WORK TO COMPLETE => Give back exactly the lines from the one holding "荊楚網(wǎng)消息(楚天" to the bottom of the material, both included, and nothing more. No pictures.

SUPPLIED DATA =>
########
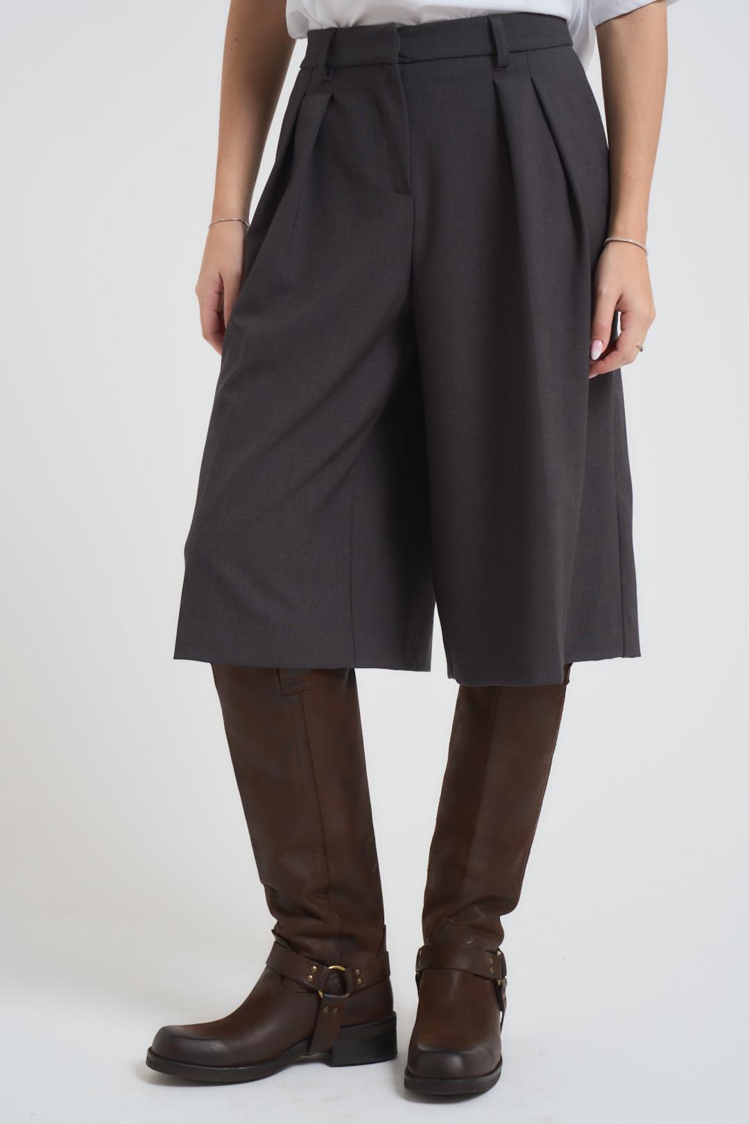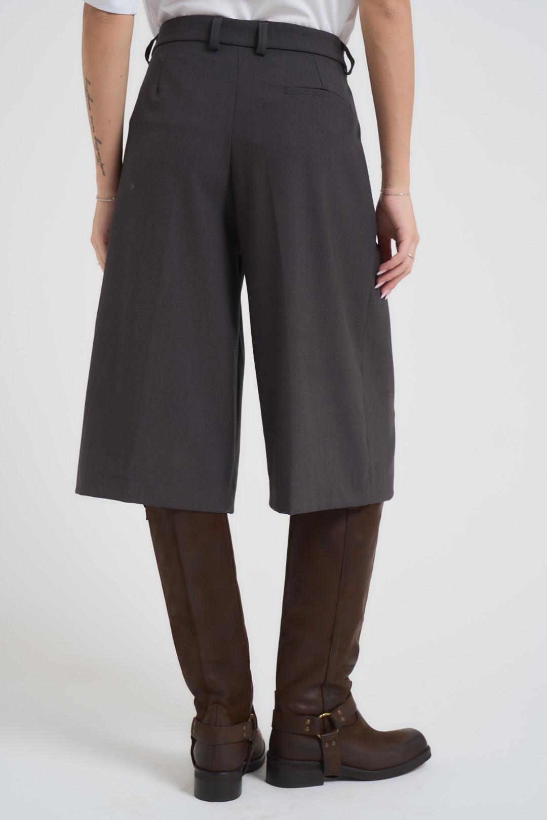 TENSIONE IN Bermuda donna morbidi antracite. Modello con doppia pinces. Chiusura frontale con zip e gancetto. Tasca a filo sul retro. Passanti in vita. Composizione: 63% poliestere, 33% viscosa, 4% elastane. La modella è alta 172 cm e indossa la taglia S.
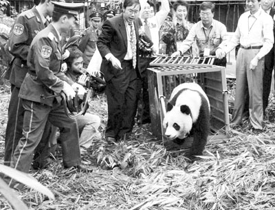 荊楚網(wǎng)消息(楚天都市報)一只野生大熊貓日前闖入四川省都江堰鬧市(本報曾予報道),被當?shù)亓謽I(yè)部門營救,并被送往臥龍自然保護區(qū)療養(yǎng)。8月8日,戴有GPS衛(wèi)星定位儀器的大熊貓被放歸都江堰龍溪虹口國家自然保護區(qū)。當天,它沒說拜拜就踏出鐵籠走入密林,前后不到10秒鐘。科研人員在今后一年多的時間內,將對它進行定位跟蹤,這有助于科學家進一步了解和掌握大熊貓野外生活習性和活動規(guī)律。(新華社發(fā))
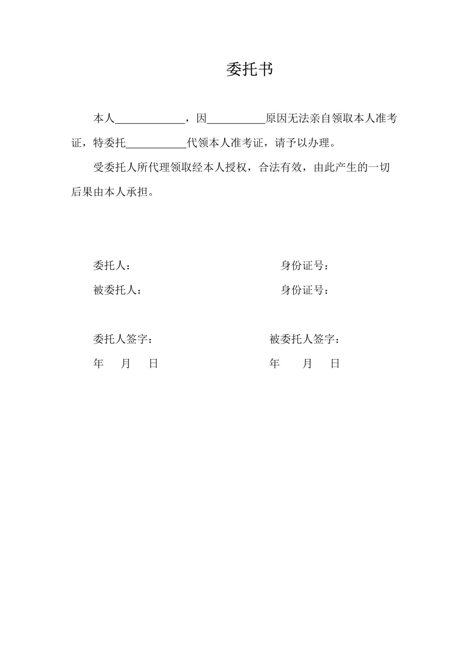 附件:代领准考证委托书样本
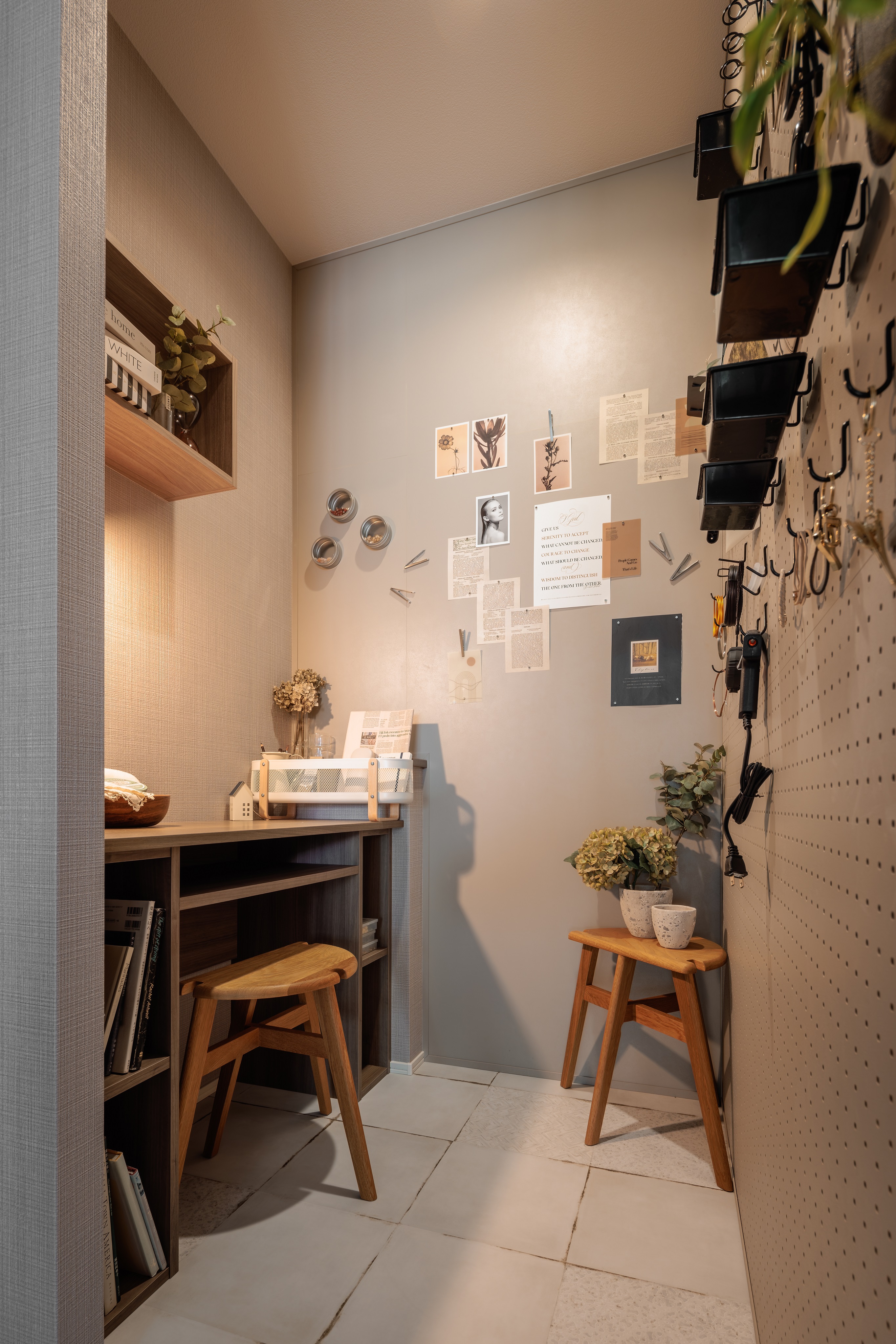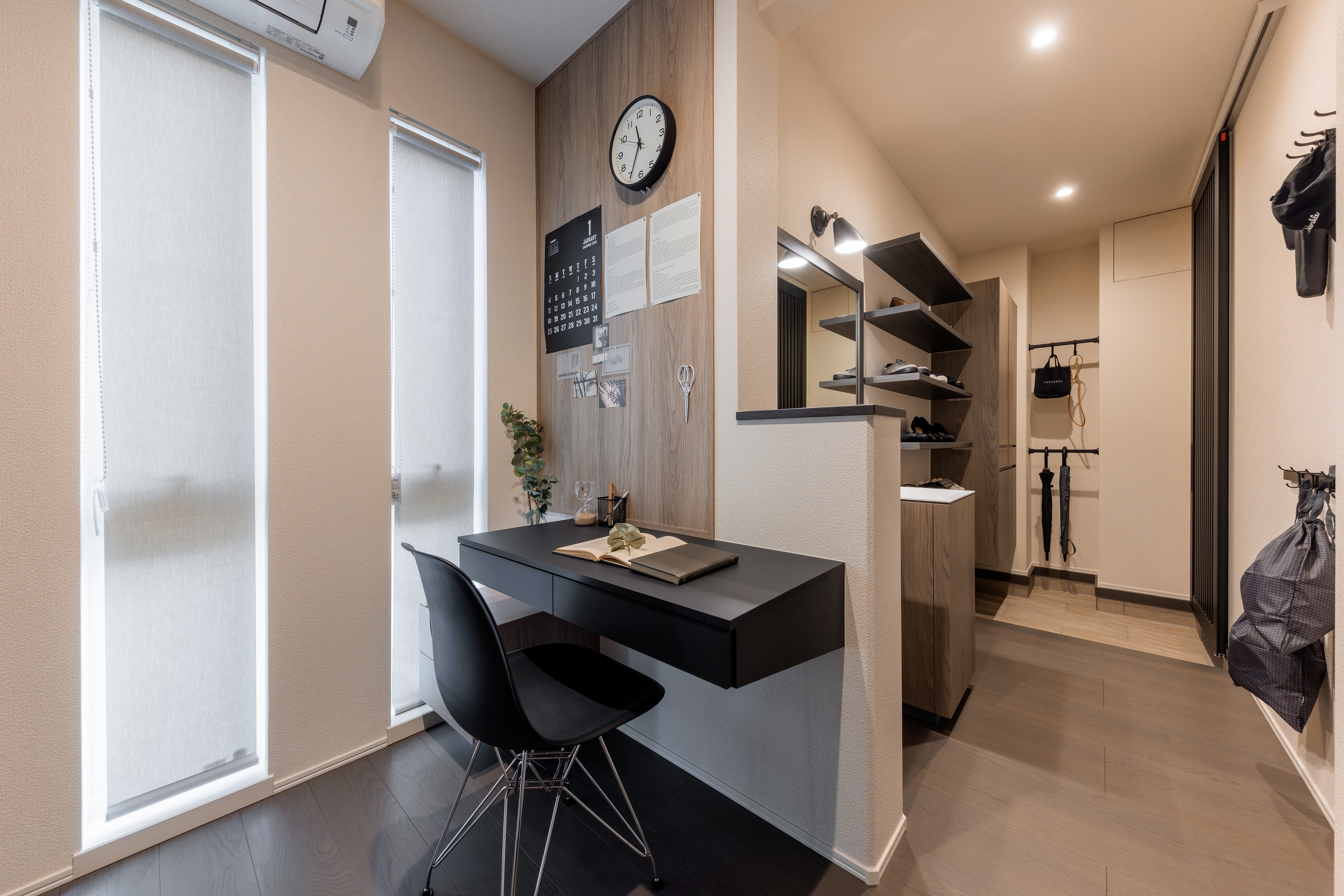 ファミリークローゼット内のデスクスペース、洞窟書斎、リビングのヌック、DKのカウンターデスク、家事室のデスクスペース等々。それらがゆるい感じで繋がっています。仕切りはあるけど、繋がっている事で、家族それぞれが別の事をしていても、お互いの存在を感じる事ができます。
########
ANSWER =>
 荊楚網(wǎng)消息(楚天都市報)一只野生大熊貓日前闖入四川省都江堰鬧市(本報曾予報道),被當?shù)亓謽I(yè)部門營救,并被送往臥龍自然保護區(qū)療養(yǎng)。8月8日,戴有GPS衛(wèi)星定位儀器的大熊貓被放歸都江堰龍溪虹口國家自然保護區(qū)。當天,它沒說拜拜就踏出鐵籠走入密林,前后不到10秒鐘。科研人員在今后一年多的時間內,將對它進行定位跟蹤,這有助于科學家進一步了解和掌握大熊貓野外生活習性和活動規(guī)律。(新華社發(fā))
 附件:代领准考证委托书样本
 ファミリークローゼット内のデスクスペース、洞窟書斎、リビングのヌック、DKのカウンターデスク、家事室のデスクスペース等々。それらがゆるい感じで繋がっています。仕切りはあるけど、繋がっている事で、家族それぞれが別の事をしていても、お互いの存在を感じる事ができます。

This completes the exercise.